Due to the issues surrounding the land at Aarey, Larsen & Toubro and Shanghai Tunnel Engineering Co., the consortium that was awarded the seventh package to carry out construction on the MIDC-Aarey Depot section of the line, exited the contract. The MMRC stated that the appointment of a new contractor would escalate the project cost by an addition ₹10 crore. The Court stated that it would determine if the cutting of nearly 5,000 trees for the project was necessary.

On 18 February 2017, Fadnavis directed the MMRDA to consider constructing the depot at Kanjurmarg or Kalina. A few weeks later, MMRC officials stated that the proposed depot could not be built at Mumbai University land in Kalina because the available area was too small. The MMRC insisted that the depot should be built at Aarey, but proposed a new design which would allow the depot to be construct on 25 hectares of land as compared to the 33 hectares required by the old design. The new design will reduce the number of trees to be cut by 1,000.

In March 2017, E. Sreedharan wrote to Chief Minister Fadnavis requesting him to ensure clearance for proposed metro depot at Aarey. Sreedharan wrote, "Metro projects are environmentally most friendly and setting up a carshed in Aarey is not going to be a threat either to the government or to the eco system. The main objection would be against cutting of trees, for which compensatory afforestation on a liberal scale can be insisted upon."

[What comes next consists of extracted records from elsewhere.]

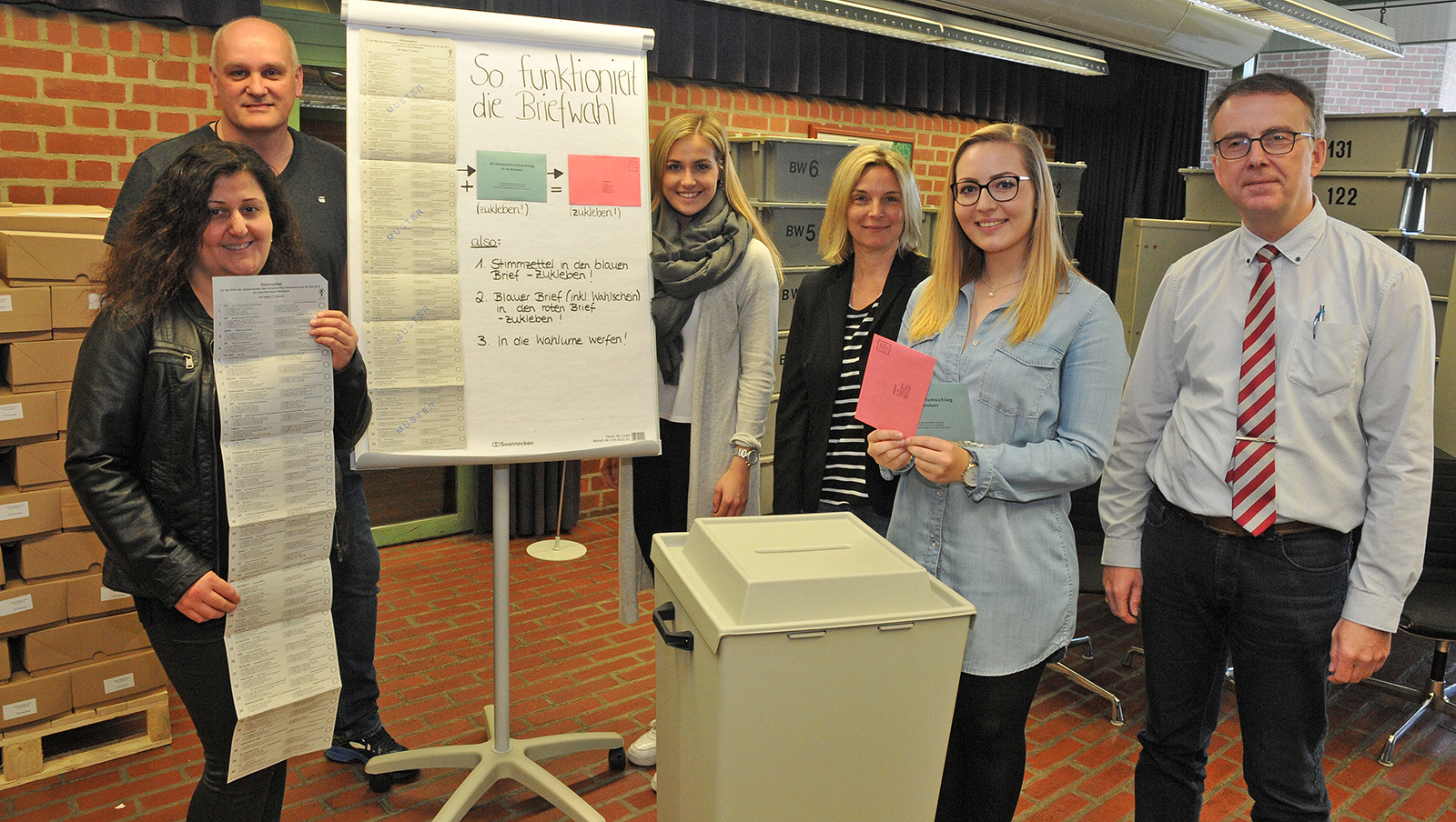 Das Team vom Wahlamt hat jetzt den Raum Rossendale im Rathaus, Berliner Platz 1, für die Europawahl am 26.5.2019 bezogen, v.l.n.r.: Gülhan Zorlu, Norbert Olbing, Louisa Müggenborg, Michaela Brands, Leonie Waters und Martin Wolters - Foto: Bruno Wansing, Stadt Bocholt
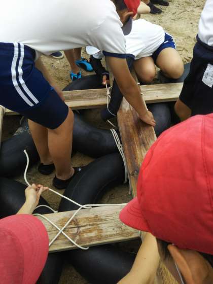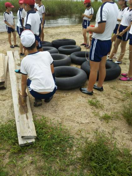 6年生 自然体験学習 2日目 No.4 いかだづくり2
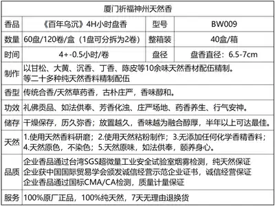 The original factory prayed for the "Hundred Years of Wuxiang" 4 Hours round incense home natural fragrance for Buddha incense BW009
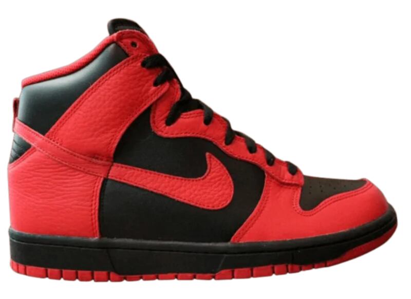 Otras son las Nike Dunk en colores rojo y negro, con el swoosh en rojo. Estos sneakers de corte alto fueron comercializados por la empresa norteamericana.
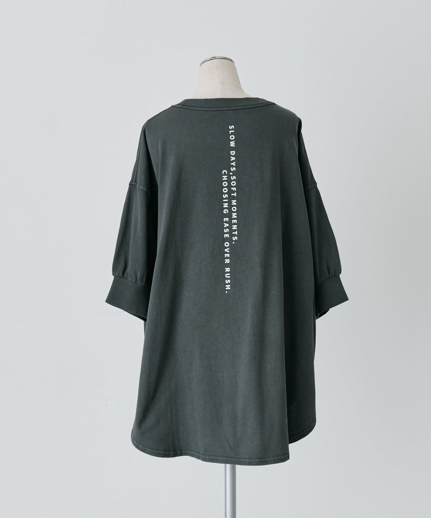 ドロップショルダーから伸びる袖口はゆとりを持たせたサイジングでラフな着心地。
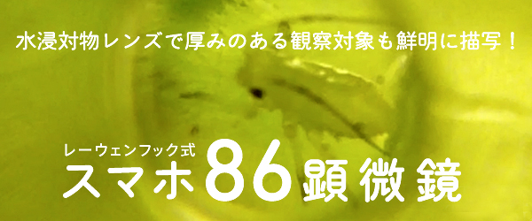 TOCOL スマホ86顕微鏡は、撥水性に優れたレンズブラケットと軽量なプレパラートによって観察対象と対物レンズの間の水が適度な厚みを保持できるようになっているため、厚みのある微生物や植物などの観察に威力を発揮する。
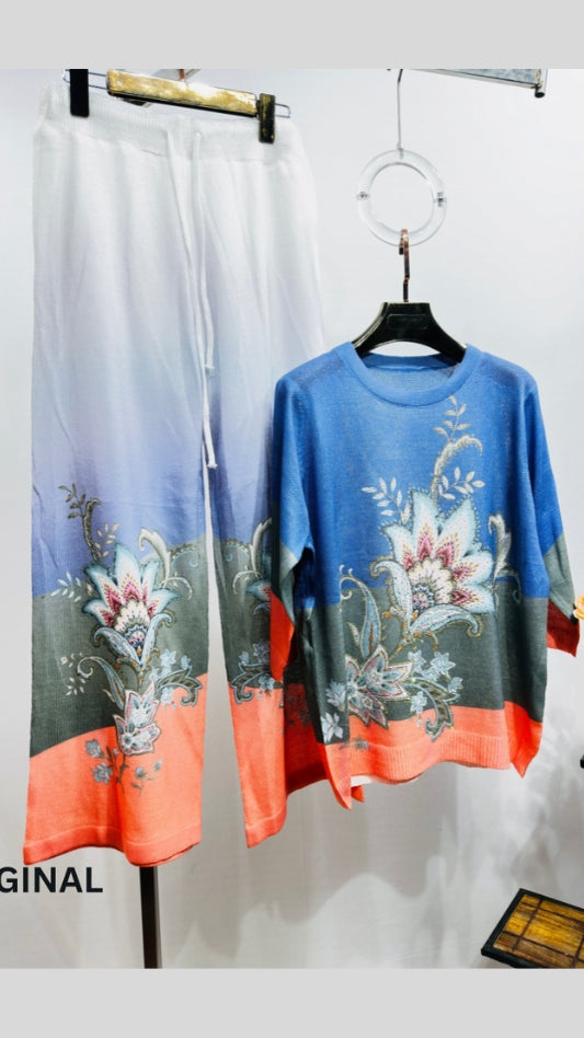 This set includes a flowy top and matching bottoms, both featuring an eye-catching print that makes a bold fashion statement. The relaxed fit and flowy design offer ease of movement and a flattering silhouette, making it ideal for various occasions. Top has turn round neck, printed and long sleeves. Pant has wide leg straight pants with full elasticated, printed and draw string.
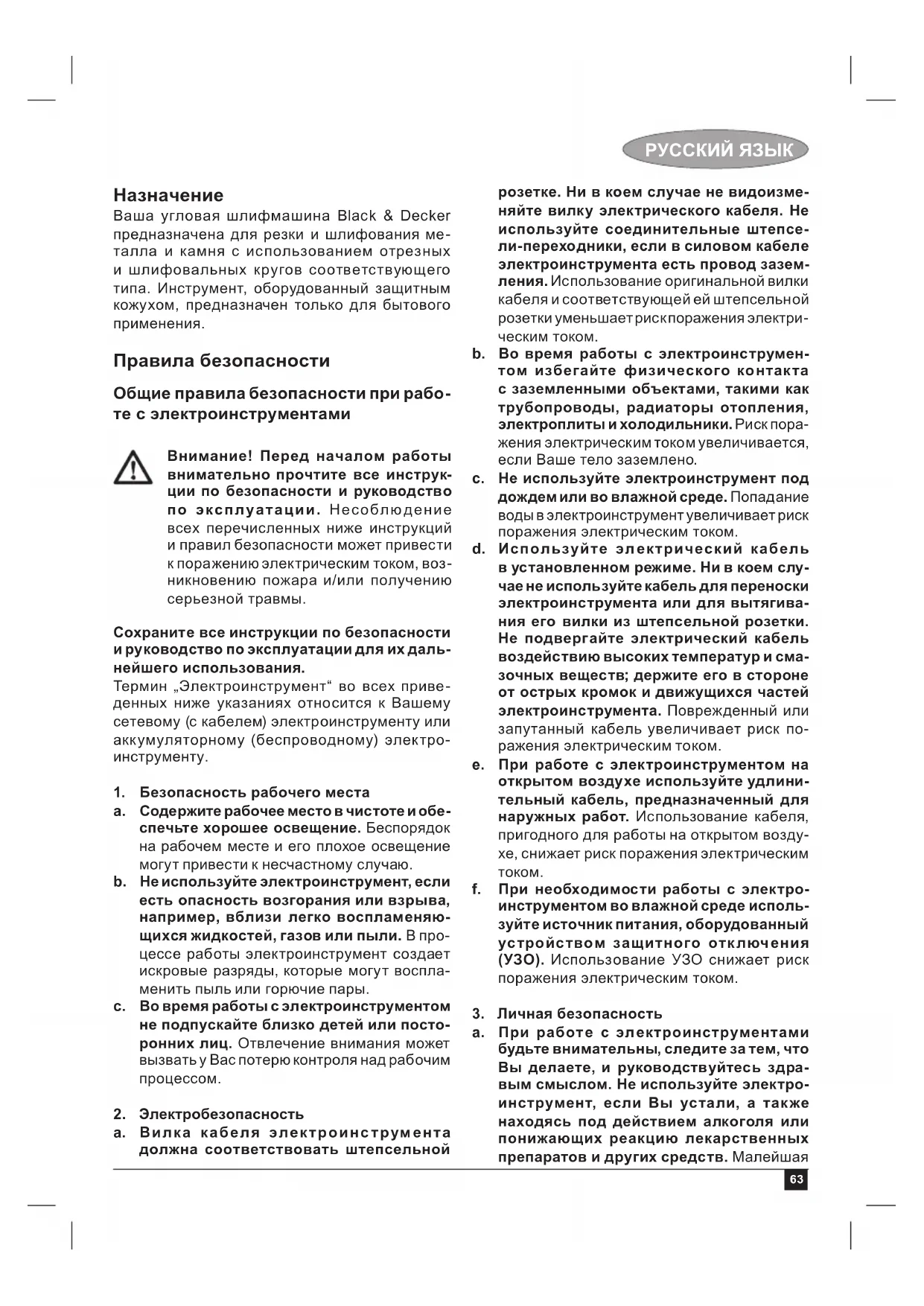 Ваша угловая шлифмашина Black & Decker предназначена для резки и шлифования ме- талла и камня с использованием отрезных и шлифовальных кругов соответствующего типа. Инструмент, оборудованный защитным кожухом, предназначен только для бытового применения. Правила безопасности Общие правила безопасности при рабо- те с электроинструментами Внимание! Перед началом работы внимательно прочтите все инструк- ции по безопасности и руководство по эксплуатации. Несоблюдение всех перечисленных ниже инструкций и правил безопасности может привести к поражению электрическим током, воз- никновению пожара и/или получению серьезной травмы. Сохраните все инструкции по безопасности и руководство по эксплуатации для их даль- нейшего использования
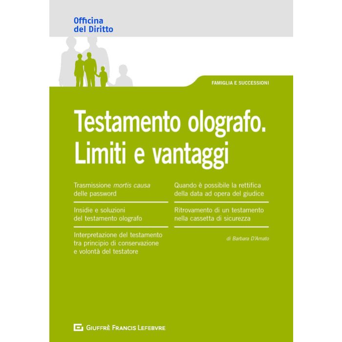 Officina del diritto: è uno strumento di lavoro e di studio pensato per arricchire le proprie conoscenze giuridiche attraverso un sistema di lettura strutturato su più livelli: uno più immediato che consente di focalizzare i concetti "guida" di una precisa fattispecie giuridica con l'utilizzo di esempi, tavole sinottiche, schemi, formule, quesiti, mappe giurisprudenziali, e un altro più approfondito che illustra organicamente la materia e nel quale si rinvengono informazioni puntuali e chiarimenti mirati di pronta fruibilità. L'opera "Testamento olografo. Limiti e vantaggi" affronta le seguenti tematiche: - Trasmissione mortis causa delle password; - Insidie e soluzioni del testamento olografo; - Interpretazione del testamento tra principio di conservazione e volontà del testatore; -Quando è possibile la rettifica della data ad opera del giudice; - Ritrovamento di un testamento nella cassetta di sicurezza.
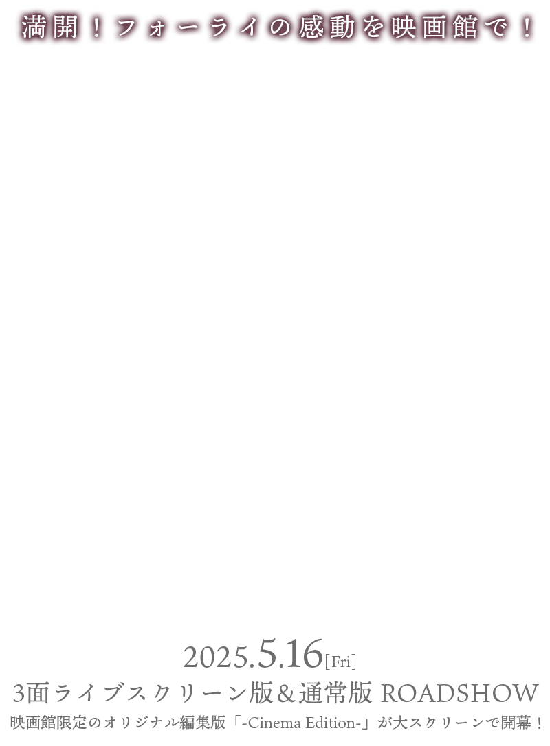 約4年ぶりに開催され、「エーステ」に登場する総勢30名が集結した「Four Seasons LIVE」。記念すべき豪華絢爛のLIVE公演が、映画館限定のオリジナル編集版として、大スクリーンで開幕!
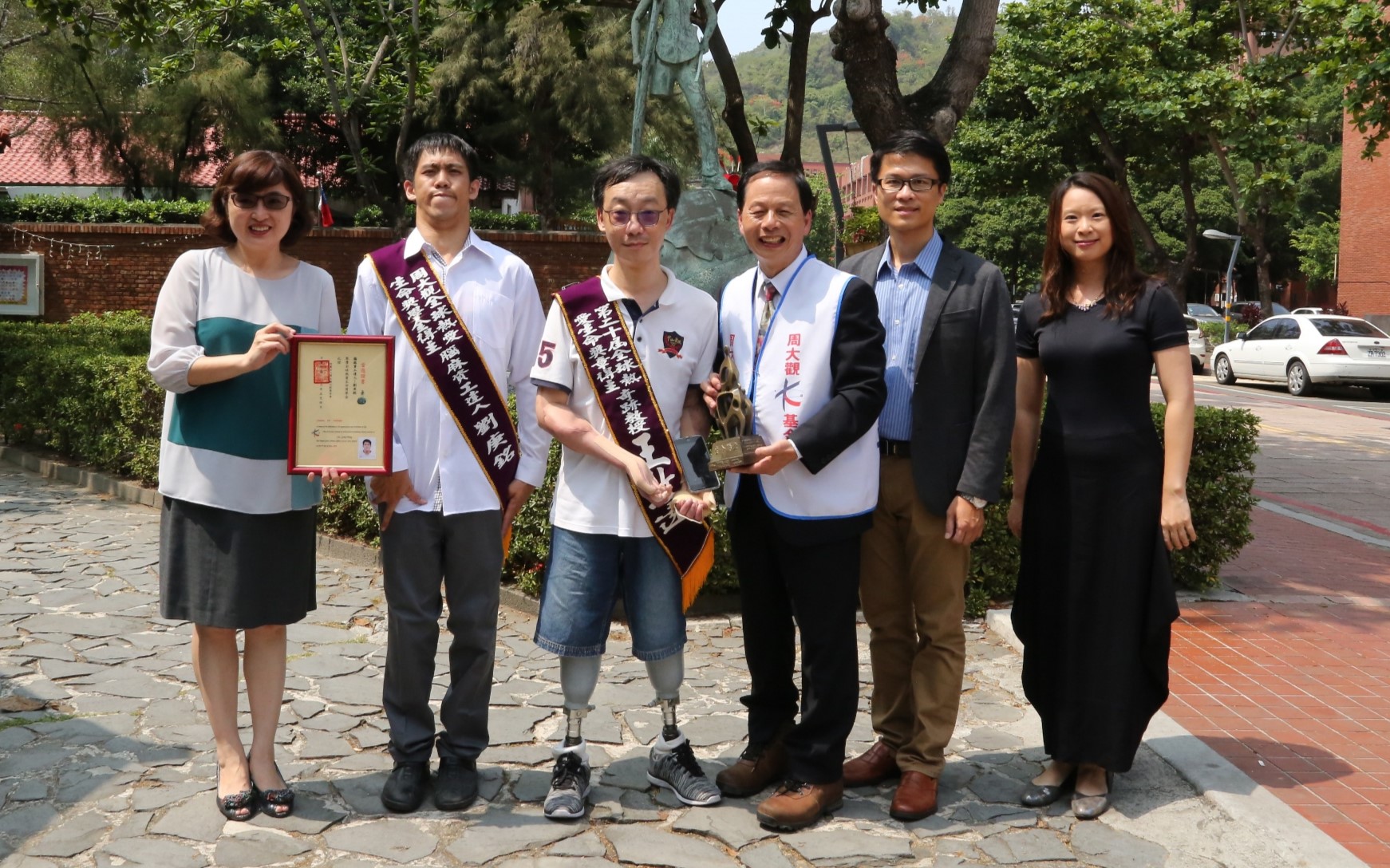 圖說:王致遠(左三)曾獲頒周大觀熱愛生命獎。 (圖片來源:中山大學提供)
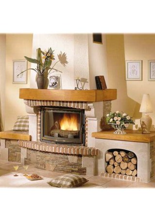 Maalähedase välimusega kamin sirgele seinale. Detaild valmistatud kivist Bourgogne Doree, dekoratiivtellisest. Komplekti kuulub tammest puitkarniis ja küljeriiulid.Koldena kasutatud malmist südamikku Chazelles CG 803 L. Kaminast võimalik ka avatud koldega versioon. Üldised mõõdud: 2730 x 840 x 1240 mm
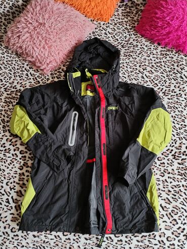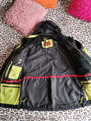 - Tehnička outdoor jakna u crno‑limeta zelenoj kombinaciji sa crvenim akcentima
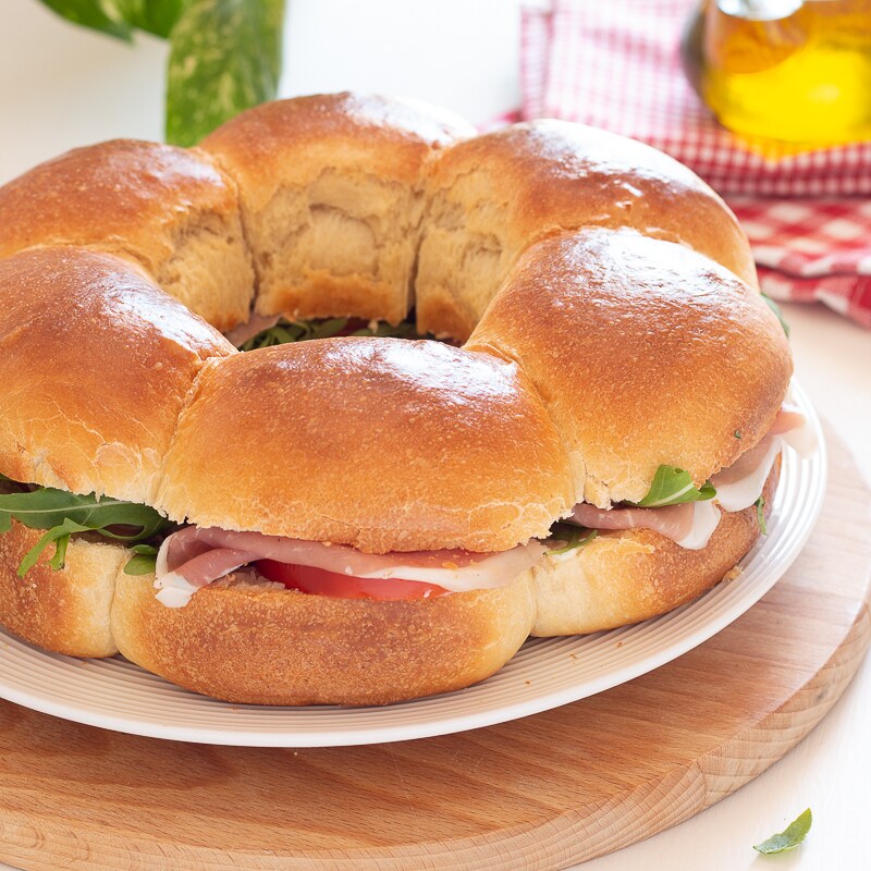 Er kann unter einer Kuchenhaube oder in einem Lebensmittelbeutel aufbewahrt werden. Sie können den herzhaften Brioche mit Salami und Käse füllen oder mit Mortadella und Pistazien oder mit Thunfisch und Mayonnaise. Für eine vegetarische Variante können Sie ihn mit Mozzarella und Tomaten oder gegrilltem Zucchini, Auberginen und Paprika füllen.
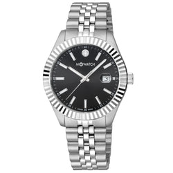 Zeitlose Eleganz. Dieses exquisite Design steht für einen klassischen Stil. Das 41 mm Gehäuse aus Edelstahl wird mit einem wunderschön gearbeiteten fünfgliedrigen Armband kombiniert. Das schwarze Zifferblatt, das durch gehärtetes Mineralglas geschützt wird, ist mit silberfarbenen Indexen verziert und mit einer Datumsfunktion versehen. Diese Swiss Made Uhr ist mit einem Quarzwerk ausgestattet.
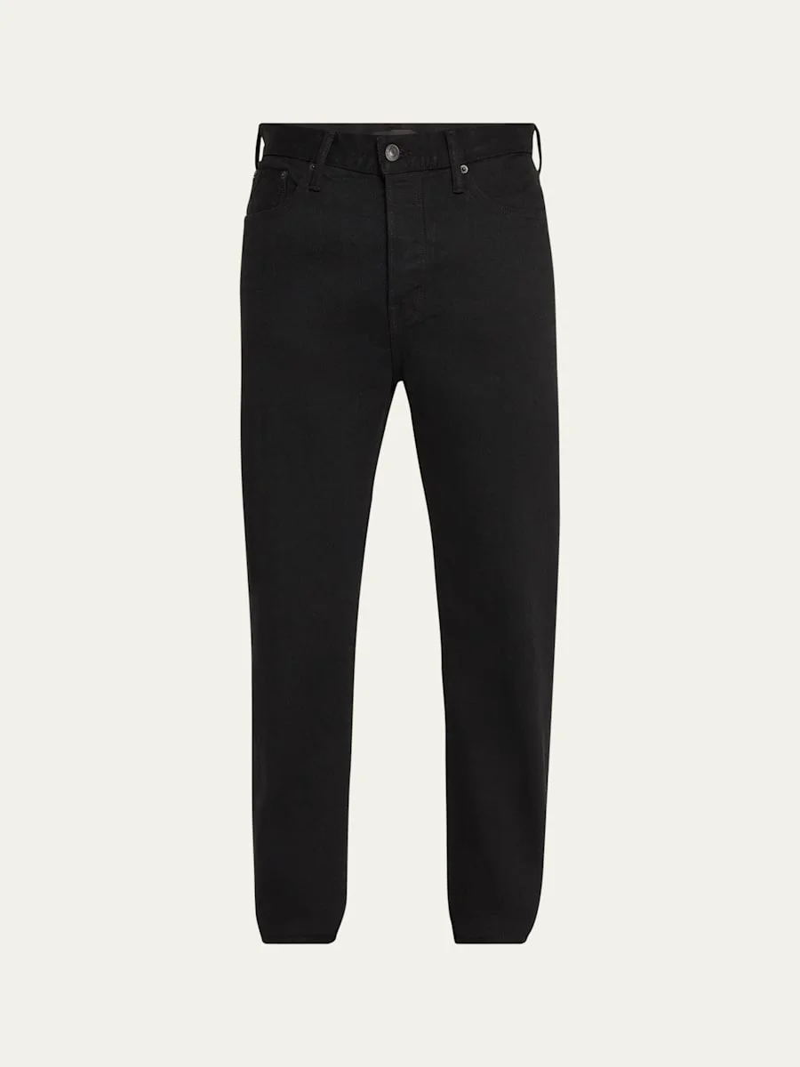 TOM FORD jeans in black-wash stretch denim Regular rise Five-pocket style Back leather logo patch Full length Standard fit Button/zip fly; belt loops Cotton/polyurethane Lining: Cotton/polyester Trim: Leather Made in USA Proposition 65 warning for California residents Model is 6'1"/185cm. Online Inquiries: BGS21_NC4RD| Store Inquiries: #4806250

According reports in the media, the MMRC brought machinery to conduct soil testing work for constructing ramps in Aarey on 23 March. However, local business owners protested the work, alleging that the NGT had stayed all construction activities in Aarey. The MMRC stated that the stay only applied to construction of the car depot, and not the ramps. Due to the protests, contractors removed all machinery from the site on 25 March 2017. MMRC began soil testing at Aarey on 30 March 2017, under police protection. The work area was cordoned off and surrounded by 50 Mumbai Police personnel.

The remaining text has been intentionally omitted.